*Task to complete*:
Write out the listing exactly, from its first line through the line holding "Lenovo ThinkVision T24i-30.", but include none of the pictures.

*Dataset excerpt*:

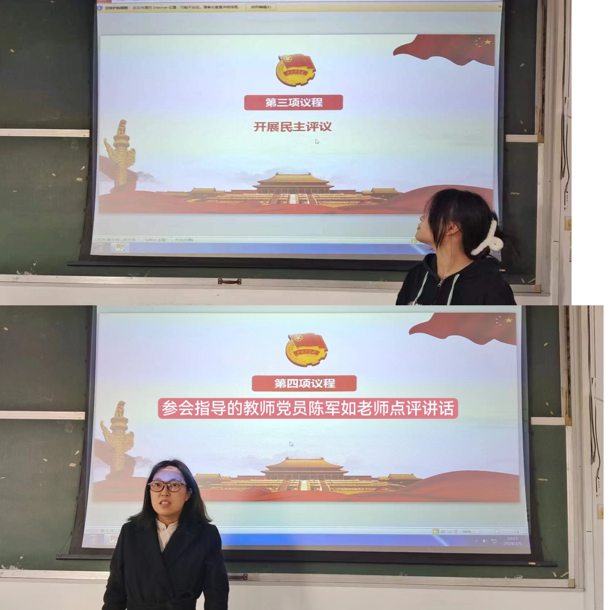 团支部组织生活会严格按照团中央有关要求,在会前以集中学习和自学相结合的方式组织全体团员认真学习重温《习近平新时代中国特色社会主义思想专题摘编》《论党的青年工作》等著作相关篇目,重点学习重温习近平总书记对团员和青年的重要要求等。会上,团支部书记从四个议程开展组织生活会,即:报告了《团员和青年主题教育开展情况及不足》;组织团员逐个发言、交流体会、查找不足,其他团员对其进行评议,肯定成绩、指出不足;坚持民主集中制,严格执行评议标准,从各方面依次开展自我评定和相互评议,认真总结反思,以公平公正公开为原则开展团员教育评议工作;重温入团誓词。
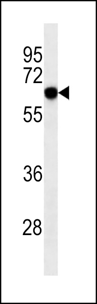 RYK (Cat. AMM07705G) western blot analysis in U251 cell line lysates (35μg/lane).This demonstrates the RYK antibody detected the RYK protein (arrow). |
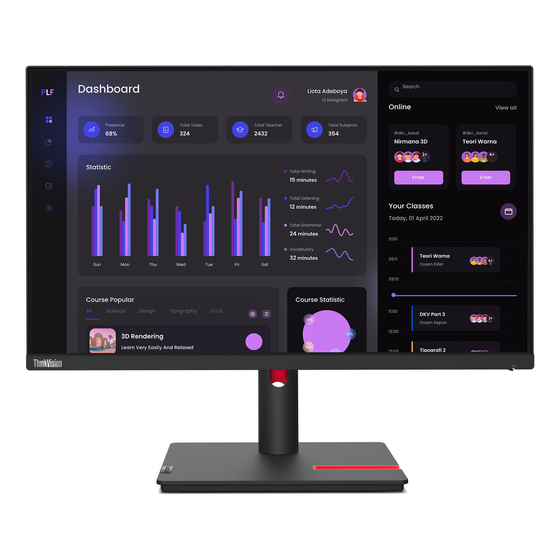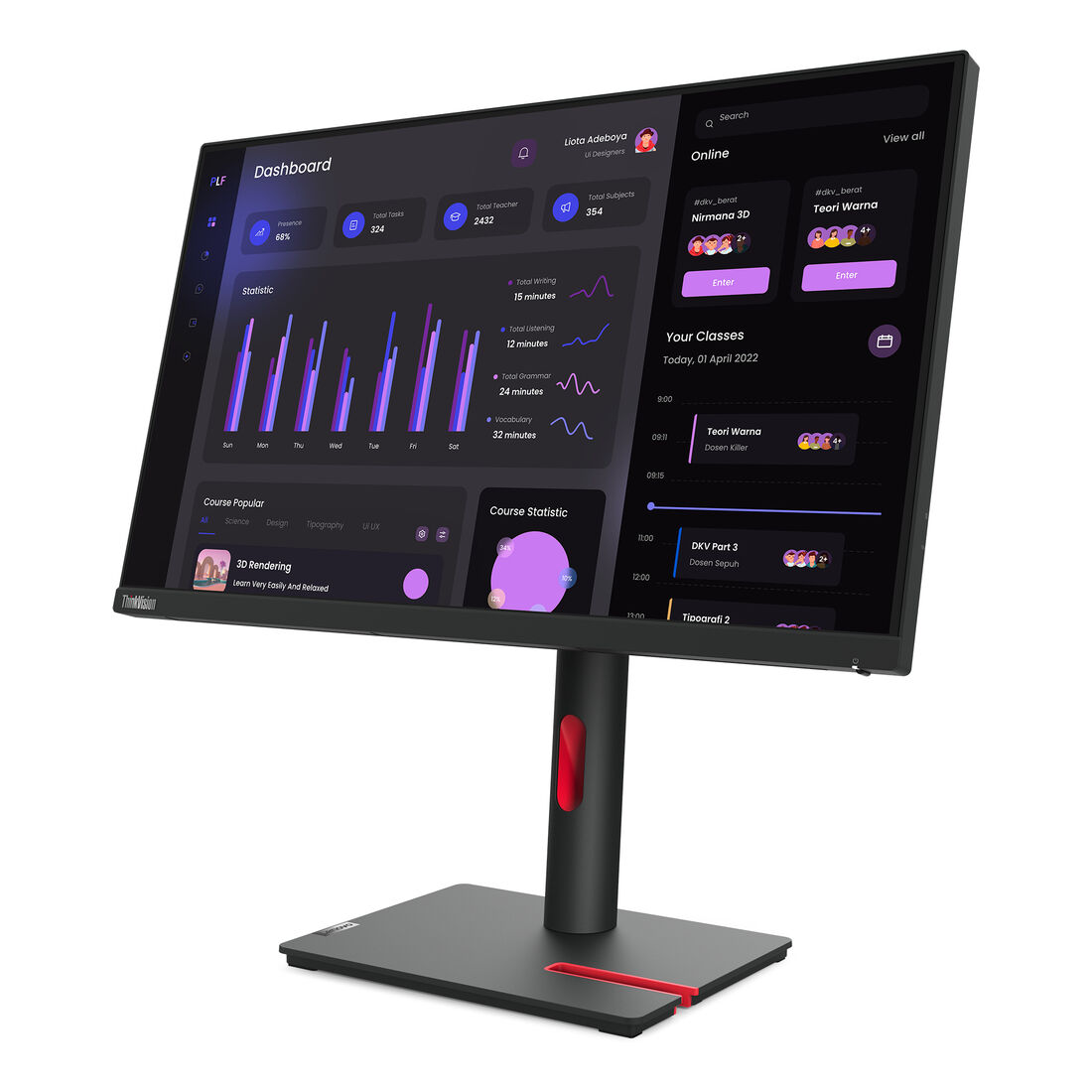 Lenovo ThinkVision T24i-30. Dimensioni diagonale schermo: 60,5 cm (23.8″), Risoluzione del display: 1920 x 1080 Pixel, Tipologia HD: Full HD, Tecnologia display: LED, Tempo di risposta: 6 ms, Rapporto d’aspetto nativo: 16:9, Angolo di visualizzazione (orizzontale): 178°, Angolo di visualizzazione (verticale): 178°. Hub USB integrato, Versione dell’hub USB: 3.2 Gen 1 (3.1 Gen 1). Montaggio standard VESA, Regolazione altezza. Colore del prodotto: Nero
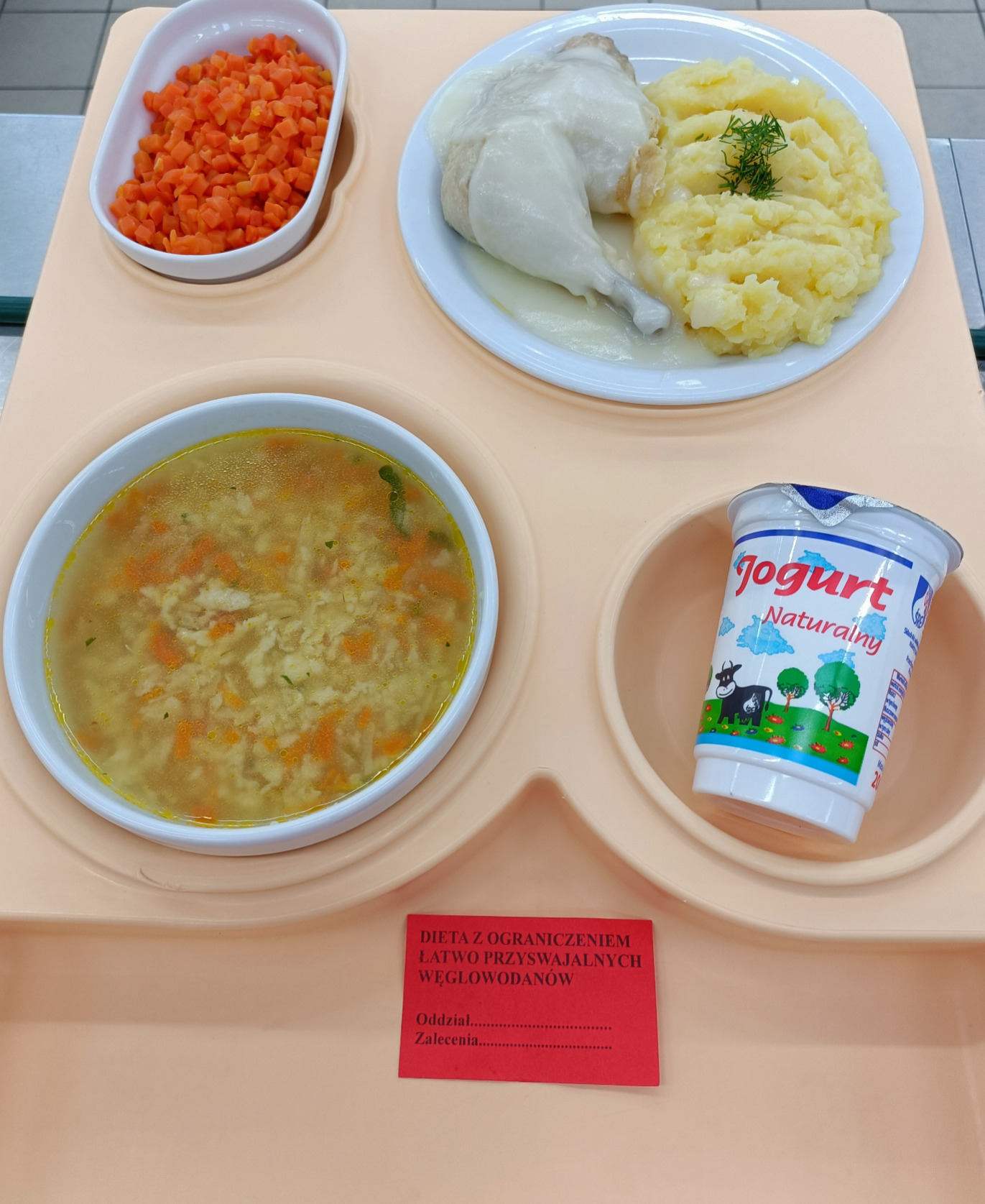 Barszcz gotowany z ziemniakami, dieta 300g filet z kurczaka gotowany 65g sos śmietanowy gotowany 80g mieszanka 3 skł gotowana 120g ziemniaki gotowane 200g sok pomidorowy 1szt-330ml |

*Solution for this task*:
 团支部组织生活会严格按照团中央有关要求,在会前以集中学习和自学相结合的方式组织全体团员认真学习重温《习近平新时代中国特色社会主义思想专题摘编》《论党的青年工作》等著作相关篇目,重点学习重温习近平总书记对团员和青年的重要要求等。会上,团支部书记从四个议程开展组织生活会,即:报告了《团员和青年主题教育开展情况及不足》;组织团员逐个发言、交流体会、查找不足,其他团员对其进行评议,肯定成绩、指出不足;坚持民主集中制,严格执行评议标准,从各方面依次开展自我评定和相互评议,认真总结反思,以公平公正公开为原则开展团员教育评议工作;重温入团誓词。
 RYK (Cat. AMM07705G) western blot analysis in U251 cell line lysates (35μg/lane).This demonstrates the RYK antibody detected the RYK protein (arrow). |
 Lenovo ThinkVision T24i-30. Dimensioni diagonale schermo: 60,5 cm (23.8″), Risoluzione del display: 1920 x 1080 Pixel, Tipologia HD: Full HD, Tecnologia display: LED, Tempo di risposta: 6 ms, Rapporto d’aspetto nativo: 16:9, Angolo di visualizzazione (orizzontale): 178°, Angolo di visualizzazione (verticale): 178°. Hub USB integrato, Versione dell’hub USB: 3.2 Gen 1 (3.1 Gen 1). Montaggio standard VESA, Regolazione altezza. Colore del prodotto: Nero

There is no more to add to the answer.